#### ASSIGNMENT
Below are entries; copy exactly, and only, the lines from the one containing "ifadelerine yer verdi." through their final line, leaving out pictures.
DATASET CONTENT Block Start
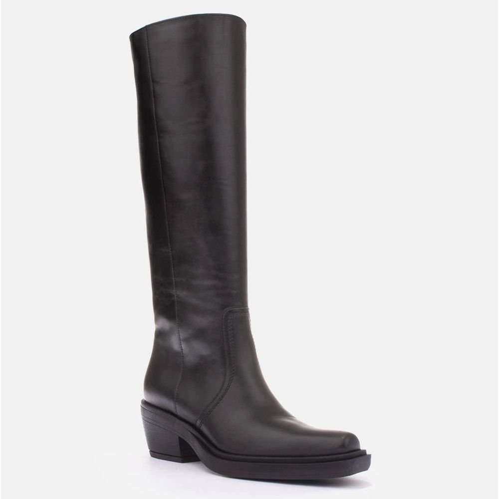 Elegante, zeitlose Imane Cowboy -Stiefel von Marco Shoes kombinieren einen klassischen Stil mit praktischen Lösungen für kühlere Tage. Hergestellt aus natürlicher Getreideleder in einer universellen schwarzen Farbe, mit Filzwärmen und einer bequemen Ziegelferse.
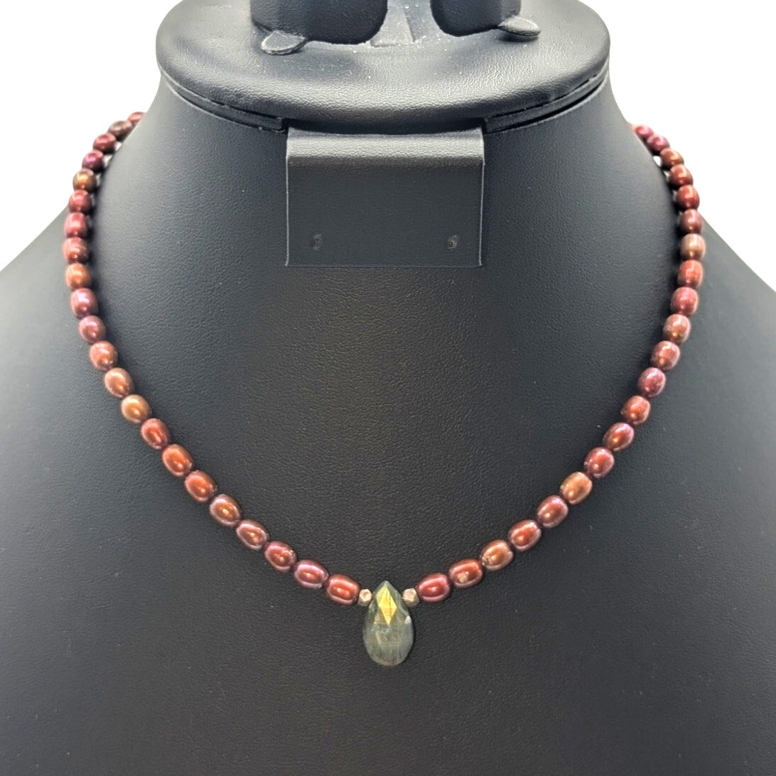 Copper Freshwater Pearl Labradorite Crystal Silver Toggle Clasp 16.25" Necklace
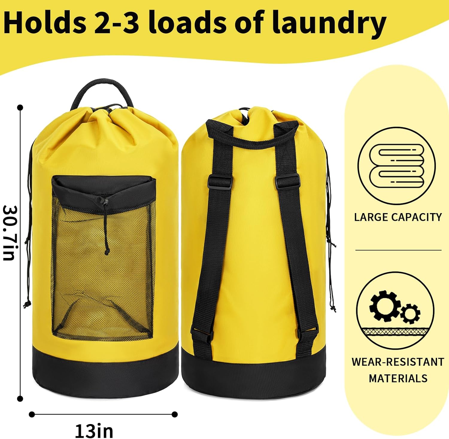 Laundry Bag Backpack with Shoulder Straps and Mesh Pocket Foldable Clothes Hamper Bag with Drawstring Closure for College, Apartment, Laundromat (Yellow)
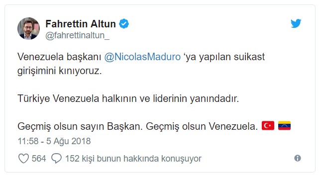 Altun, mesajında "Maduro'ya karşı düzenlenen suikast girişimini kınıyoruz. Türkiye, Venezuela halkı ve demokratik seçilmiş lideriyle beraberdir. Geçmiş olsun Sayın Başkan, geçmiş olsun Venezuela." ifadelerine yer verdi.
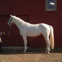 Anne’s magnificent white Oldenburg stallion, Ike, in front of the barn, painted in Resene Kenyan Copper. The barn has Resene Mondo bargeboards (not pictured). All the farm buildings are this colour scheme.
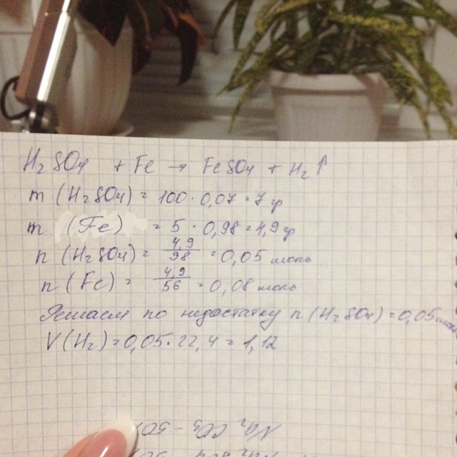 в раствор серной кислоты массой 100 грамм и массовой долей 7% опустили образец стали массой 5 г содержащий в своём составе 98%железа. Вычислите объём (н.у) выделившегося водорода
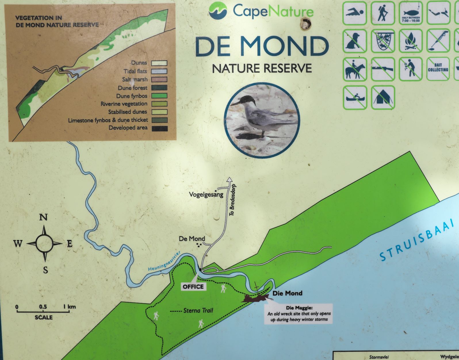 Weiter ging es zum De Mond Nature Reserve, das recht unbekannt und wenig besucht ist. Der 7 Kilometer Rundweg ist sehenswert. Zuerst geht es durch abwechslungsreiche niedere Buschvegetation, danach über den weißen Sandstrand zurück. Kurz vor dem Ende noch durch ein Vogelbrutgebiet.
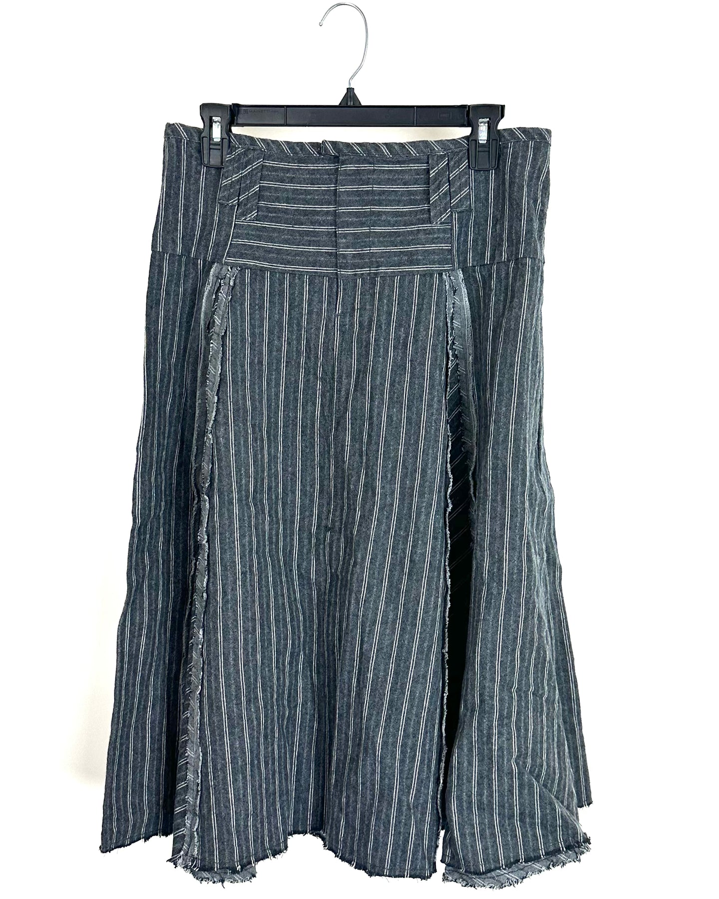 Free People pinstripe gray and white flowy skirt with large belt loops, pleats, distressed trim and front zipper and hook and eye closure
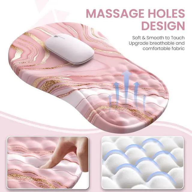 Ergonomic Design: The mouse wrist rest adopts 100% memory foam Ergonomic mousepad with wrist rest slope keep wrist maintaining in proper alignment The arm can be fully supported on the arched part Relieve hand pressure and typing carpal tunnel pain
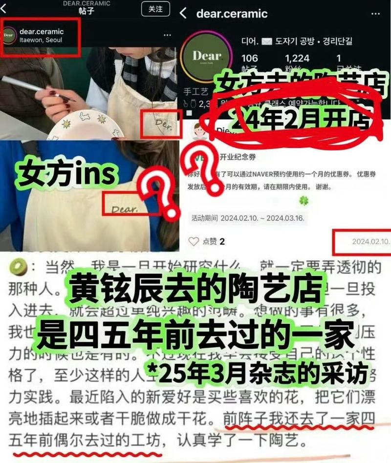 黃鉉辰去的陶瓷店,是5、6年前去過的;但女方去的陶瓷店,是2024年2月才開店的。
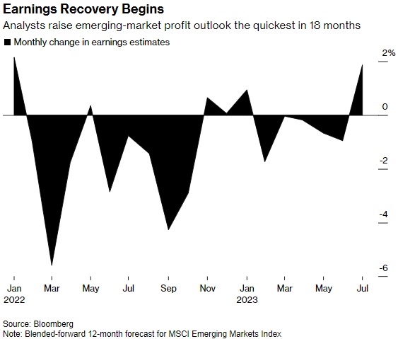 宏观背景也在向有利于发展中国家的方向倾斜。未来3年,新兴经济体的增长速度预计将比发达国家快近3个百分点,其中中国和印度增速最快。数据显示,分析师们以18个月来最快的速度上调了7月份的盈利预测。
DATASET CONTENT Block End
#### RESULT OF THIS EXERCISE
 Altun, mesajında "Maduro'ya karşı düzenlenen suikast girişimini kınıyoruz. Türkiye, Venezuela halkı ve demokratik seçilmiş lideriyle beraberdir. Geçmiş olsun Sayın Başkan, geçmiş olsun Venezuela." ifadelerine yer verdi.
 Anne’s magnificent white Oldenburg stallion, Ike, in front of the barn, painted in Resene Kenyan Copper. The barn has Resene Mondo bargeboards (not pictured). All the farm buildings are this colour scheme.
 в раствор серной кислоты массой 100 грамм и массовой долей 7% опустили образец стали массой 5 г содержащий в своём составе 98%железа. Вычислите объём (н.у) выделившегося водорода
 Weiter ging es zum De Mond Nature Reserve, das recht unbekannt und wenig besucht ist. Der 7 Kilometer Rundweg ist sehenswert. Zuerst geht es durch abwechslungsreiche niedere Buschvegetation, danach über den weißen Sandstrand zurück. Kurz vor dem Ende noch durch ein Vogelbrutgebiet.
 Free People pinstripe gray and white flowy skirt with large belt loops, pleats, distressed trim and front zipper and hook and eye closure
 Ergonomic Design: The mouse wrist rest adopts 100% memory foam Ergonomic mousepad with wrist rest slope keep wrist maintaining in proper alignment The arm can be fully supported on the arched part Relieve hand pressure and typing carpal tunnel pain
 黃鉉辰去的陶瓷店,是5、6年前去過的;但女方去的陶瓷店,是2024年2月才開店的。
 宏观背景也在向有利于发展中国家的方向倾斜。未来3年,新兴经济体的增长速度预计将比发达国家快近3个百分点,其中中国和印度增速最快。数据显示,分析师们以18个月来最快的速度上调了7月份的盈利预测。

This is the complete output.